Но флаг сам решил сдаться. Он замер на секунду в воздухе, колыхнулся и тихо опустился на штыки русских солдат. Лишь после этого он был передан Пещурову[28]28
  Исторический факт.


[Закрыть]
.

Адмирал сердито сунул флаг за борт шинели. Он откровенно нервничал и злился. Как сообщить обо всем происшедшем его величеству? Не произведет ли это скверное впечатление? А главное не взгреют ли за все это его, адмирала Пещурова? Ведь об этом скандале газетные писаки раструбят по всему земному шару.
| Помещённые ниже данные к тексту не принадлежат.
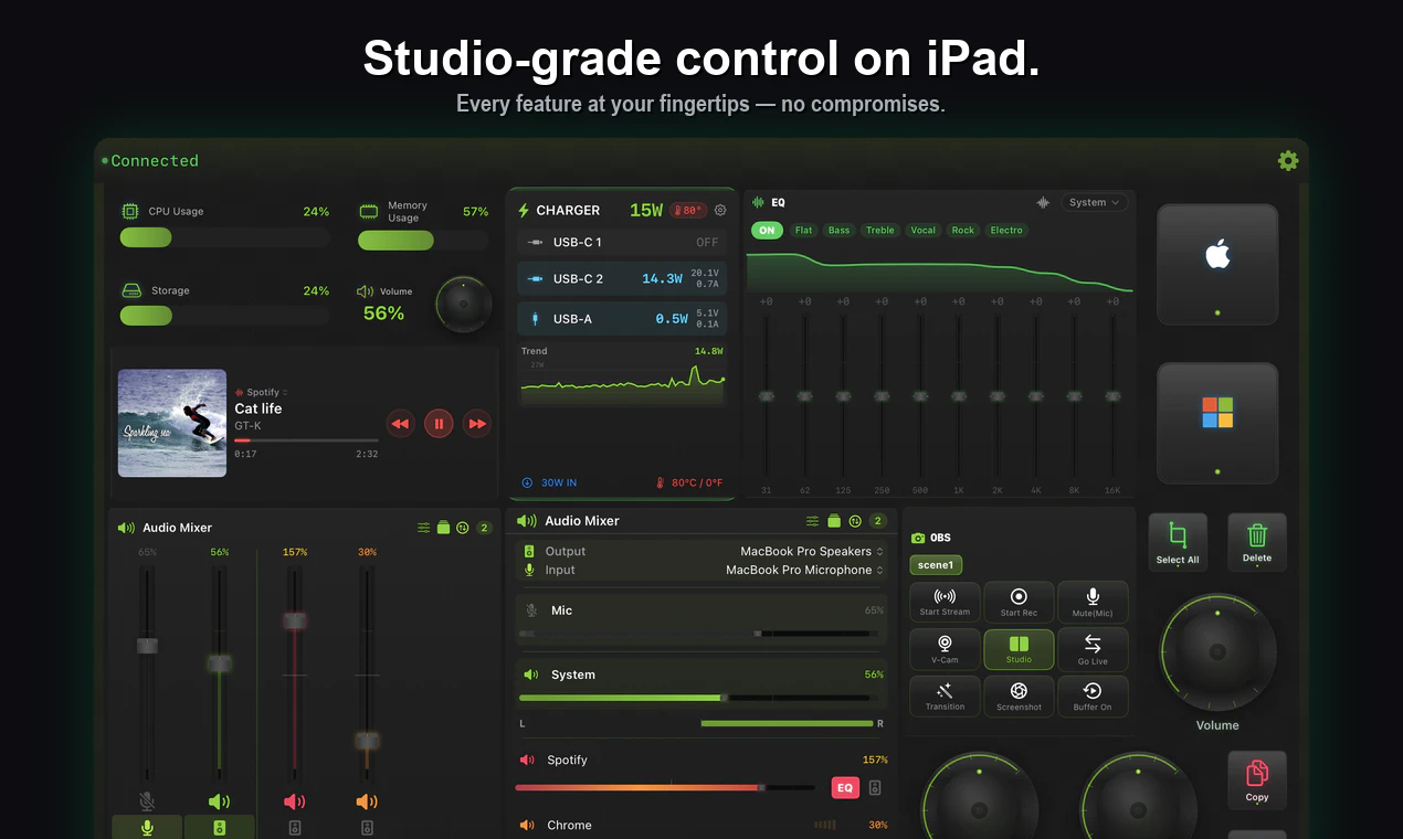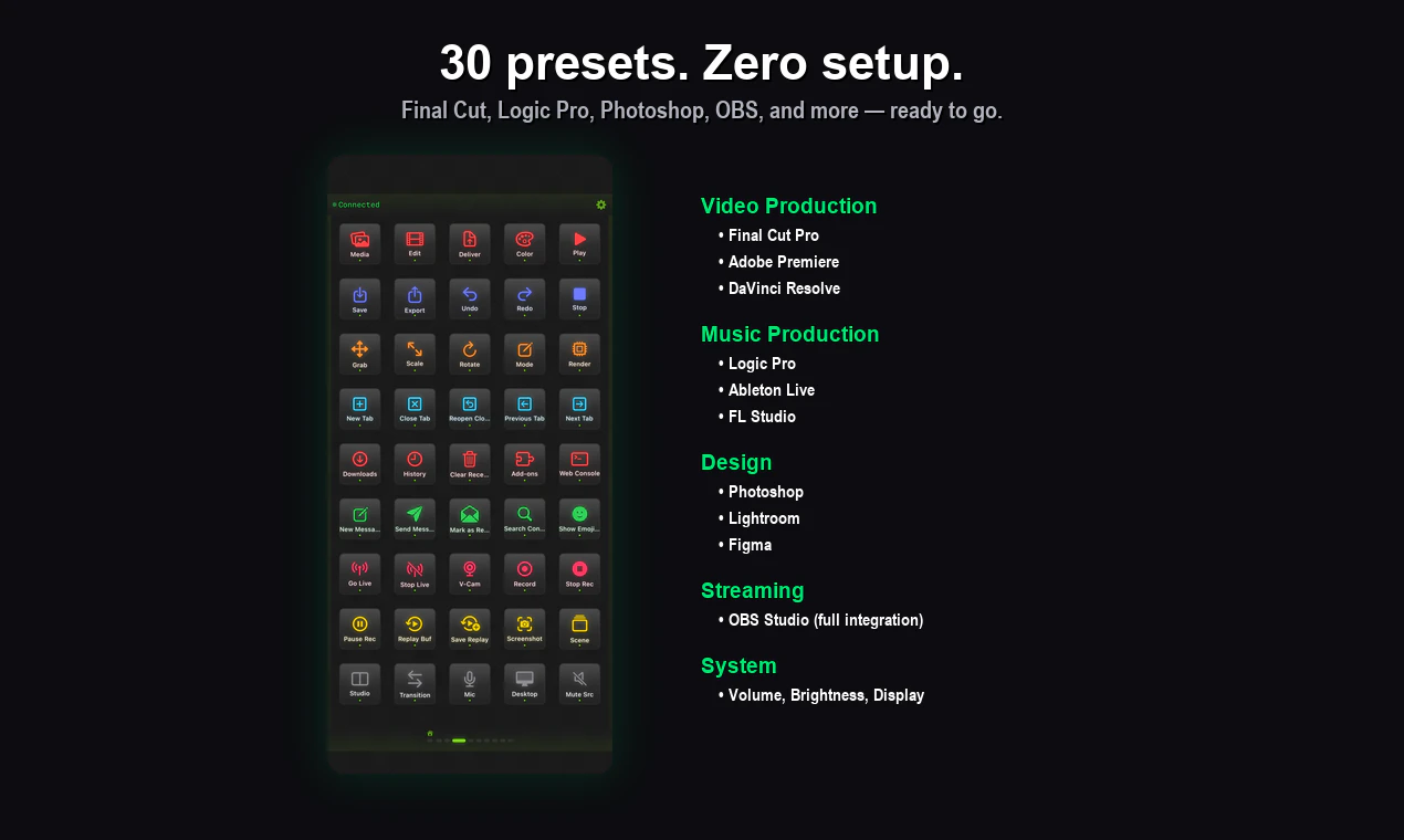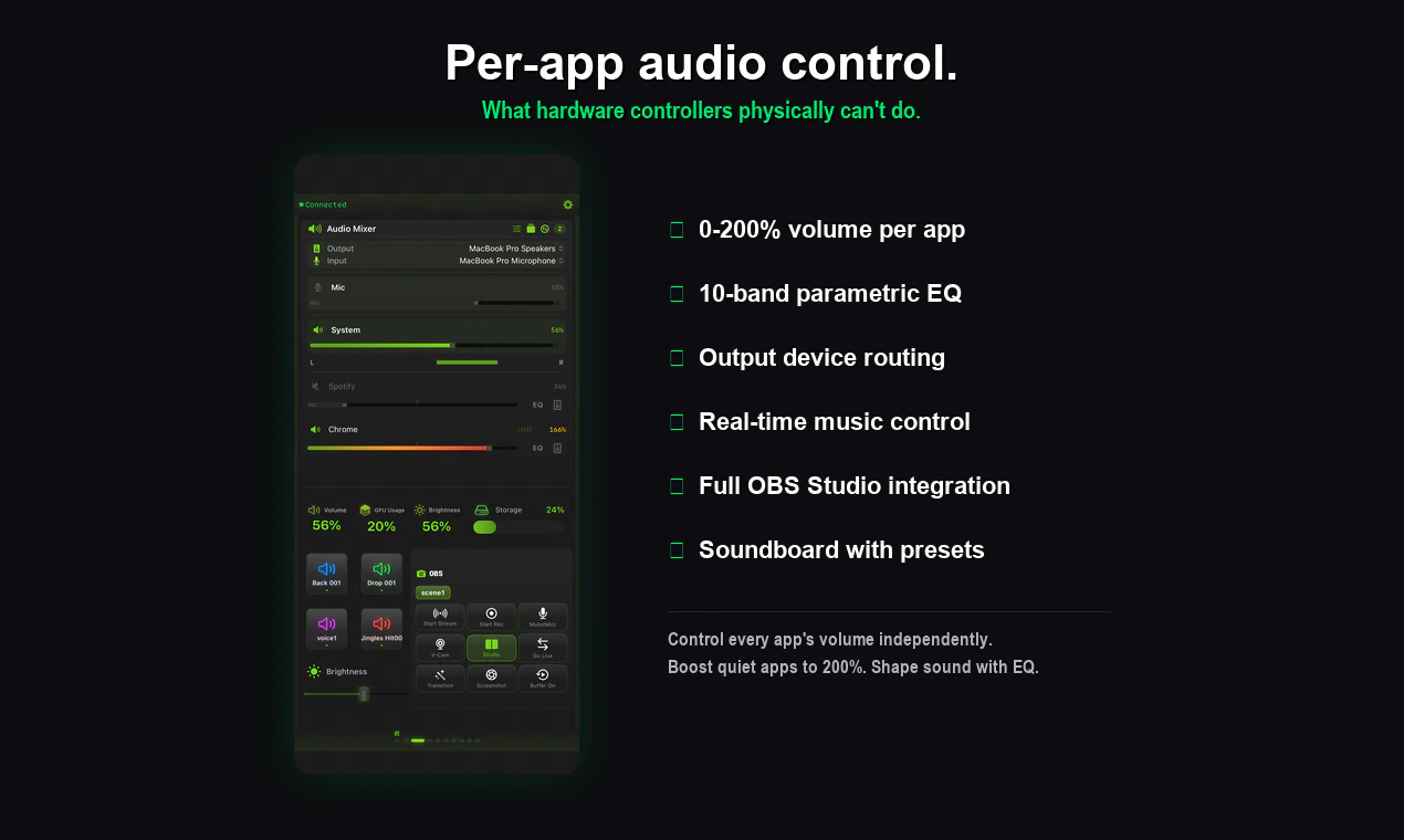 Skip the $150 Stream Deck — your iPhone is already in your pocket. StreamPad turns your iPhone/iPad into a pro control deck with buttons, dials, faders & touch strips over WiFi. 🎛️ Per-app audio mixer (10-band EQ, 0-200% volume) 🔄 Auto-switching profiles per active app 🎬 30 presets: Final Cut, Logic, Photoshop & more 📡 Full OBS Studio integration 🎨 18 custom themes Free to start. Works with Mac & Windows.

Генерал Галлер подошел к флагштоку, привязал к линю флаг и сам вздернул его. Американские «звезды и полосы» легко и горделиво взмыли кверху. На половине пути флаг развернулся, громко и отчетливо хлопнув, а на конце флагштока замер, напряженный и буйный, всплескивая упруго под ударами ветра.

Умеющие глядеть увидели бы в этом развевающемся звездном флаге молодой, полнокровный, смелый и жадный американский империализм.

Русская эра в Аляске кончилась. Началась американская.

Русская батарея начала салютовать американскому флагу. Коротконогий штабс-капитан в потрепанной шинелишке и ржавых сапогах со сладостным замиранием в голосе выкрикивал:

– Первое, пли! Второе, пли! Третье…

А после каждого выстрела ради сохранения ровных пауз он отсчитывал про себя до пятидесяти, закатив глаза и помахивая рукой как дирижер в оркестре.

Погорелко невольно улыбнулся этому самозабвенному усердию. Но взглянув на Сукачева, траппер удивился и испугался той ненависти, которая тяжело лежала на лице заставного капитана. В глазах Македона Иваныча, цепко следивших за перебегавшим от орудия к орудию артиллеристом, пылала ярость.

И трапперу стало понятным и близким это чувство страстной злобы. В этом штабс-капитанишке Сукачев видел винтик той машины, называемой Российской империей, которая бездушно и жестоко распоряжается судьбами как отдельных людей, так и целых стран.

– Пойдемте. Больше нечего смотреть, – взял траппер Сукачева за рукав полушубка. – Кончено!

– И то пойдемте, – тяжело перевел дух заставный капитан. – Лучше уйти от греха, а не то боюсь, врежу кому ни на есть в ухо…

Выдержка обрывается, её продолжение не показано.